To learn the semantic structure and use it to help build a detection model, we first define a notion of skeleton structure for the URL and classify URLs into several subgroups based on their skeleton structure. Then, we propose a statistical-based algorithm to learn the semantic structure from each group, respectively, and then combine these independent semantic structures into an entire semantic structure. Pattern-tree which is proposed by Lei et al. is used to encode the semantic structure [12]. After that, we build the anomaly-based detection model for each trivial logical part by observing their values. Finally, we introduce how to detect anomaly attacks based on the semantic structure and the built detection model.

Based on the semantic structure, the anomaly detection model can pay more attention to detect the values of trivial logical parts. Thus, the detection model using semantic structure is more sensitive and precise to detect attacks.

The contributions of this paper can be summarized as follows:(i)An enhanced feature extraction approach is proposed for Web anomaly detection. This approach takes the advantage of semantic structure to pay more attention to trivial logical parts which are more vulnerable than salient parts. Compared with conventional feature extraction methods, the significant innovation is that we treat the URL as a combination of meaningful logical parts rather than meaningless string that consists of letters.(ii)We proposed a notion of skeleton structure which is used to eliminate the request-imbalance problem. This method can improve the accuracy of the learned semantic structure.(iii)We evaluate our approach on CSIC-2010 dataset [14]. Experimental results show that the semantic structure is vital to improving the performance of the anomaly-based intrusion model.

The rest of this paper is organized as follows. In Section 2, we introduce the related work focusing on anomaly-based detection and semantic structure. The framework of our approach and the details of how to learn semantic structure are separately introduced in Sections 3 and 4. The method that to build the anomaly-based detection model for each trivial logical part is described in Section 5. In Section 6, we illustrate how to use semantic structure and the built detection model to detect attacks. In Section 7, we report the simulation environment and experiment results. Finally, we draw conclusions and future points in Section 8.
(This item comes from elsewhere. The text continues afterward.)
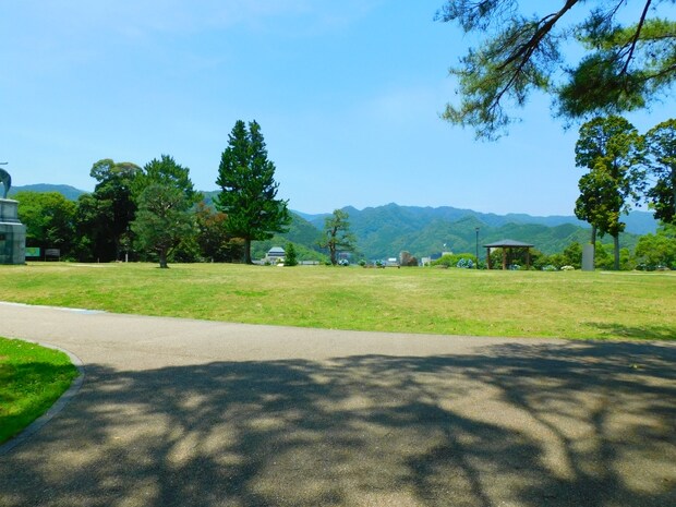 山口市の中心亀山に毛利秀元が築城しようとしていた長山城跡を整備した公園で、敷地内には県立の美術館や博物館、図書館やテニスコートなどがあり、山口市民の憩いの場となっています。

Since anomaly-based intrusion detection was firstly introduced in 1987 by Denning [15], research in this area has been rapidly developed and attracted lots of attention. A great number of methods have been proposed by researchers in recent years. According to the types of algorithms that used to build the detection model, the anomaly-based WAF can be categorized into statistics, data mining, machine learning, and deep learning-based. No matter which specific algorithm is used, feature extraction always is an important part of building the anomaly-based detection model. The feature extraction methods can be widely divided into expert knowledge-based and NLP-based.

In the field using expert knowledge to extract features from URLs, Cui et al. proposed a feature extraction approach which extracts 21 features from HTTP request based on domain knowledge to describe the behaviour of HTTP request [7]. Then, they train a random forest (RF) classification model based on these features to classify HTTP request as normal and anomaly. Niu and Li extracted eight features with good classification effect to augment the original data [16]. Tang et al. proposed an approach that extracts behaviour characteristics of SQL injection based on the handcrafted rules and uses the long short-term memory (LSTM) network to train a detection model [17]. And, authors combined expert knowledge with N-gram feature for reliable and efficient Web attack detection and used the generic-feature-selection (GFS) measurement to eliminate redundant and irrelevant features in [18, 19]. Zhou and Wang proposed an ensemble learning approach to detect XSS attack [20]. The ensemble learning approach uses a set of Bayesian networks which is built with both domain knowledge and threat intelligence. More recently, Tama et al. proposed a stack of the classifier ensemble method which relies on the handcrafted features [21]. All these authors extract features mostly based on their expert knowledge. These handcrafted features have achieved a good performance in these datasets. However, there exists a strong difference between the network environments or the behaviours of Web applications. These selected features that perform well in one training dataset may not perform well in other Web applications.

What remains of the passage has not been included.